Non mi riferisco alla fantomatica tentazione di democrazia diretta del Movimento pentastellato, la quale vive lo stato di tensione tra generalità dell’esposizione discorsiva e  la mediocrità comprensiva degli attori politici chiamati a renderla politicamente fruibile nella prassi politica. L’idea di una dimensione deliberativa, partecipativa della democrazia elaborata all’interno di arene discorsive aperte e pubbliche, nella quali un’indistinta unità chiamata popolo della rete si attiva ad individuare problemi e a trovare soluzioni, si scontra con la realtà di un movimento che si articola lungo l’asse plebiscitario e parademocratico di un capo-garante. Più che di democrazia diretta, la concezione di base che ha retto l’esperienza movimentistica dei 5stelle a me pare essere stata quella che Pierre Rosanvallon ha chiamato la contre-démocratie, da intedersi, soprattutto, come una specifica modalità d’azione, come forma di sorveglianza e vigilanza civica. Una volta che il M5S è diventato soggetto di democrazia costituzionale sono emerse tutte le aporie e le ambivalenze di fondo.
Quando parlo di stabilizzatori della crisi della rappresentanza, penso, in primo luogo, alla riscoperta dell’idea di democrazia consensuale quale soluzione cooperativa e consociativa che molti vedono come l’unica via praticabile per far uscire il paese Italia dalla crisi della rappresentanza postelettorale.

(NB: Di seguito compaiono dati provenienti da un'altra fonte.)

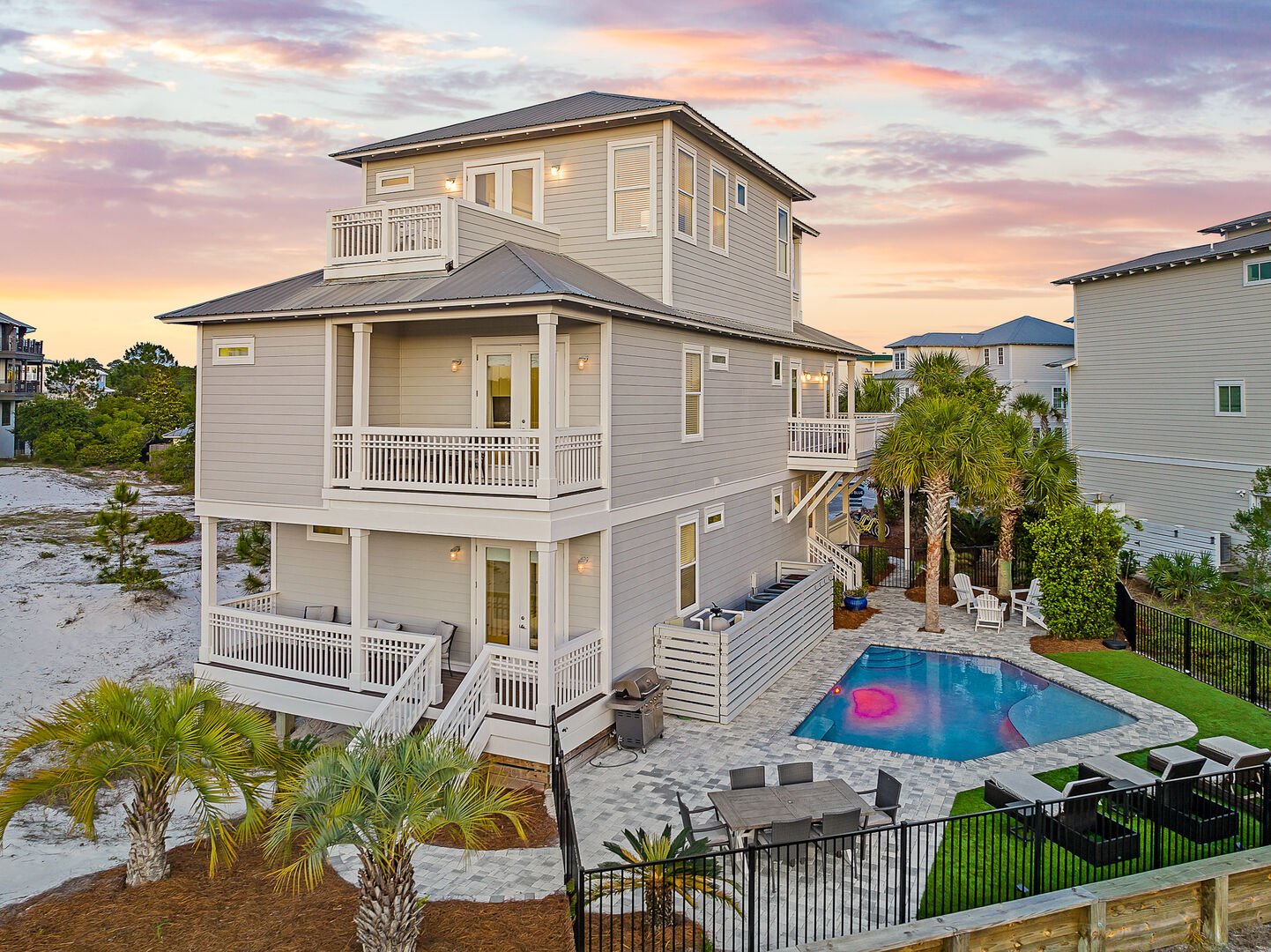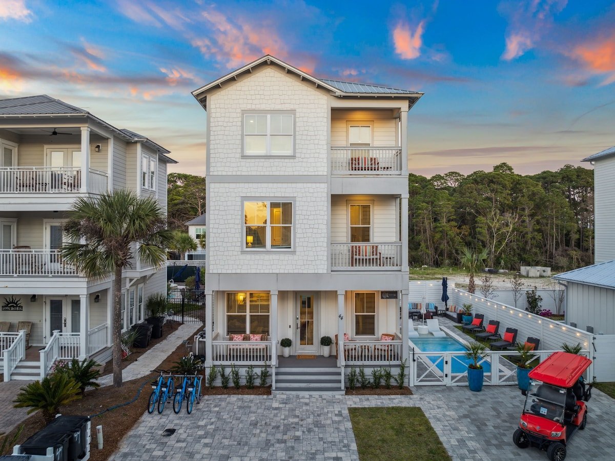 This was a beautiful home and a wonderful location, just steps from the beach and walkable to several restaurants! It’s even more aesthetic and beautiful in person! The main living area and kitchen is on the first floor and all the bedrooms are upstairs, but are large enough with patios that you can enjoy time there as well!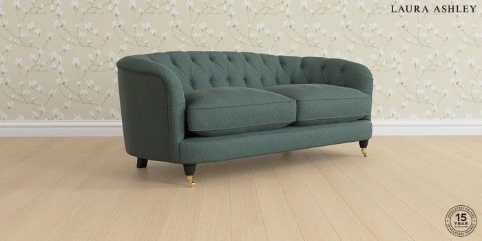 7.0.3 Buy Hathersage by Laura Ashley 3 Seater Small Sofa Wooton Forest Green Low Brass Castor - Black from the Next UK online shop Click here to use our accessible website

Chiamiamolo governo di larghe intese, governissimo, di servizio, di scopo, il governo Letta fa perno sul sostrato culturale della democrazia consensuale. Diciamo subito che non si tratta di una operazione complottista da parte dei fautori della democrazia rappresentativa contro i nuovi paladini della democrazia diretta.  Molto più semplicemente, si tratta di un modello di democrazia alternativo a quello maggioritario nel quale prevalgono i governi di larghe coalizioni che includono soggetti politici alternativi. La storia politica della modernità europea è stata costantemente attraversata da questo sperimentalismo di democrazia, con risultati, tra l’altro, poco lusinghieri. Basti pensare alla Repubblica di Weimar, alla seconda grande coalizione tedesca della cancelliera Merkel, oppure alla Quarta Repubblica francese nel 1946. In altri paesi come l’Olanda, l’Austria e la Svizzera il modello consensuale ha permesso di ricompattare laceranti conflitti ridando una stabilità alla tenuta democratica di questi paesi. Anche il nostro paese ha conosciuto esperienze di democrazia consensuale tanto che la carta stampata e gli opinionisti bipartisan oramai da alcuni giorni sono impegnati in un’operazione di uso e abuso pubblico della storia al fine di dare legittimità all’operazione di „consensualità“ voluta dal Presidente della Repubblica. La stagione della costituente e i governi di solidarietà nazionale negli anni settanta sono diventati archetipi identificativi di una condizione minima comune di un incontro tra forze politiche alternative. Eppure, ci si dimentica volutamente tanto di storicizzare le due esperienze quanto di dire che la fase consensuale dei governi di solidarietà nazionale negli anni settanta è stata un ibrido che, complessivamente, ha portato ad un processo di irrigidimento tra le istituzioni e Parlamento, ha lasciato autonomia all’esecutivo e ha favorito la costruzioni di reti formali ed informali tra singoli partiti e l’esecutivo svuotando il Parlamento della sua funzione di indirizzo. La crisi delle ragioni della politica, degli interessi pubblici ha una zia anche nella stagione consensuale degli anni settanta.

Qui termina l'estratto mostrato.